I have a junkie mentality when my class triggers flair. last night my dreams were so strong I woke up to the smell of wood fire heat. a connection to childhood when we’d spend Saturdays in the dead of winter trespassing and gathering wood pieces near frozen creeks, a wild and rare oasis on the Northern Plains landscape. my heart holds space for what could let this go.

it’s in these moments, between the waves, where future memories rise.

a very, very loud extended silence

Open. December 2018, Oakland, CA

I find peace inside California’s dramatic winter weather changes. They remind me I was never in control. During the eclipse, I dreamt girls were fist fighting under street lights. I woke up centered and kept all that scattered energy lodged between the spaces of my teeth.

Shock. Then awe. This is what they warned us about. Civic intimacies have been breeched. Residents clutch their pearl-handled pistols. Our movies show us acting surprised while collective sighs are lodged inaudible.

Bound by the length of light, time arouses. I take these sacred fascinations and wrap myself soft and deep as the high tides. I search for conscience affect in its rawest and wildest form. This is a new year of stimulated objections. We have been warned.

_________________________________________________________________________________

title reference to: ‘The grave of the Russian composer Alfred Schnittke in Novodevichye Cemetery in Moscow is surmounted by a stone on which is engraved a rest beneath a fermata with a triple forte noted at the bottom: A very, very loud extended silence.’ —John Biguenet, Silence (London: Bloomsbury, 2015), p.49.

(en)titled

“To pursue beauty to its lair.” — Arundhati Roy

5 June 2018, Pacific Grove, CA

She folds her hands together
as if in prayer
onlookers believe
the end of the world is near

Sour west coast coffee
dreamed memories decay
into sensitive masculinities
you may think: her POV lacks pleasure

Or maybe this cumulative longing
binds her sense of class to an economics
that has made her an experienced voyeur
an orgy of grace

Disciplined dangerous
her body expresses need
she commits to infinite integration
in entry & in sanctuary

the cumulative impact of reaction

“As if a tenderness awoke, a tenderness that did not tire, something healing.”
— Sylvia Plath, from The Collected Poems; “Three Women,” (1962)

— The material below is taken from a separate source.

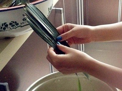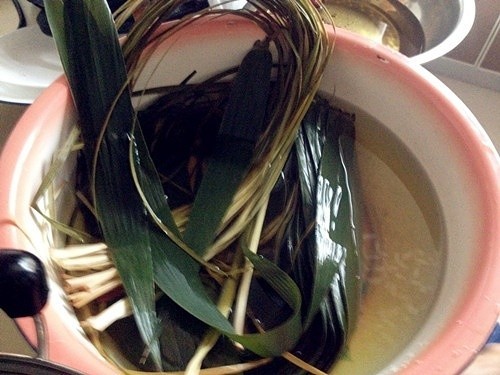 步骤2、苇叶和马莲喜好泡几个小时泡软。马莲是细的这种,用来捆粽子,纯植物哟,谁要用线绳呀,嘁。

I was born into an isolated, literal Evangelical culture. A place where time was on always on trial and faith was righteous as pride. Our promised future had already been written. We were urgent. The rapture was past due.

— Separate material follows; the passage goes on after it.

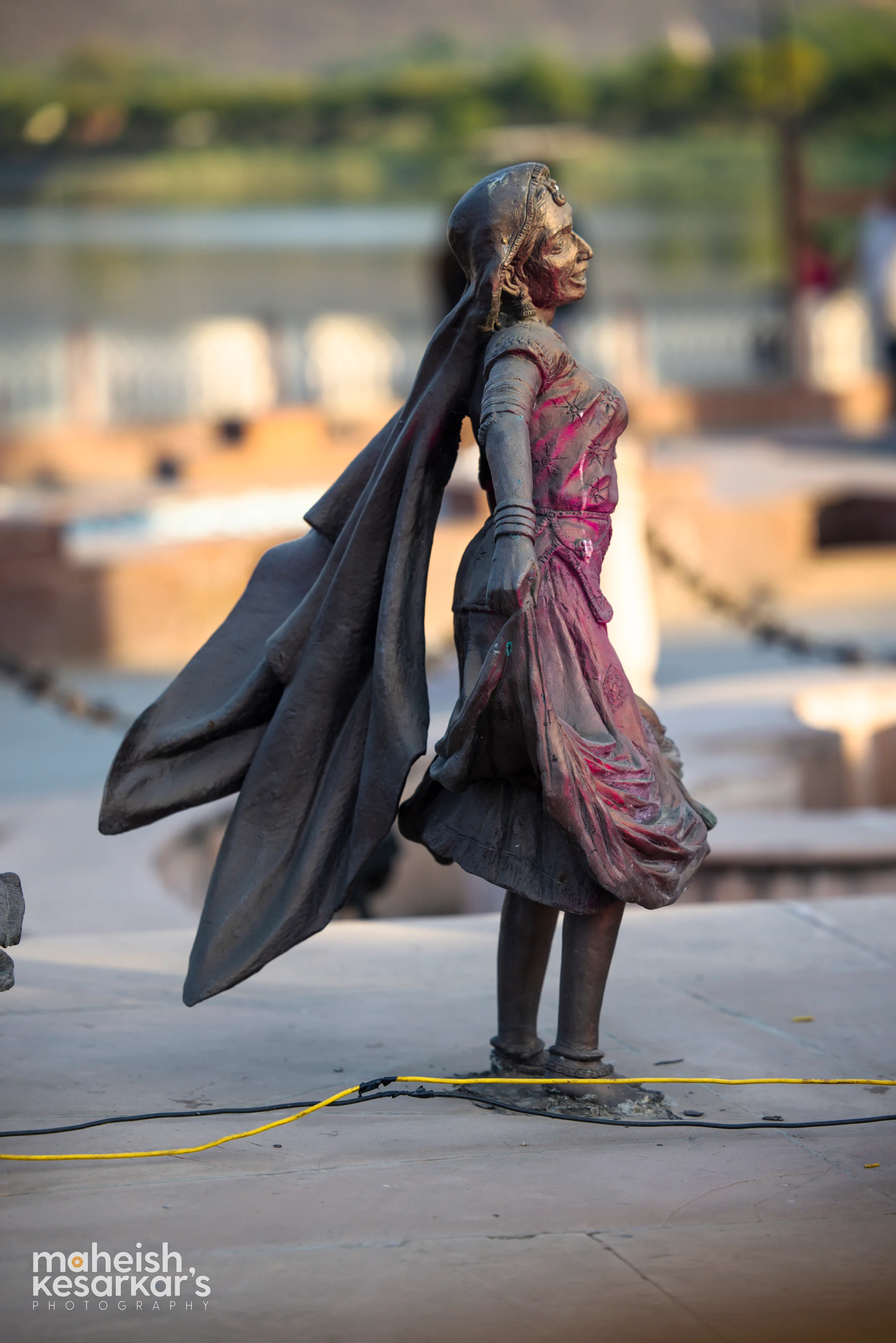 Graceful Rajasthani Woman Statue at Jal Mahal Jaipur Heritage Photography

All of us who knew even a fraction of the story internalized why Jesus hadn’t returned. Acts of a vengeful god are common and welcomed in this scenario. It was also true when you knew the ending tipped in your favor, knowledge became seductive. A blessing disguised.

To have learned about the world this way feels like a subtle theft. Trauma works that way too. False recognitions bound to real sounds, smells, touch, twists of phrases, and, if lucky, fading re-creations. A true con.

Decades later, I am still carving an existence that is receptive to invitation. There are no answers inside all these non-moments of relentless judgement. That clarity is its own rushed reality. Adapting gracefully to change is an ancient sermon. This is a map to all this undoing.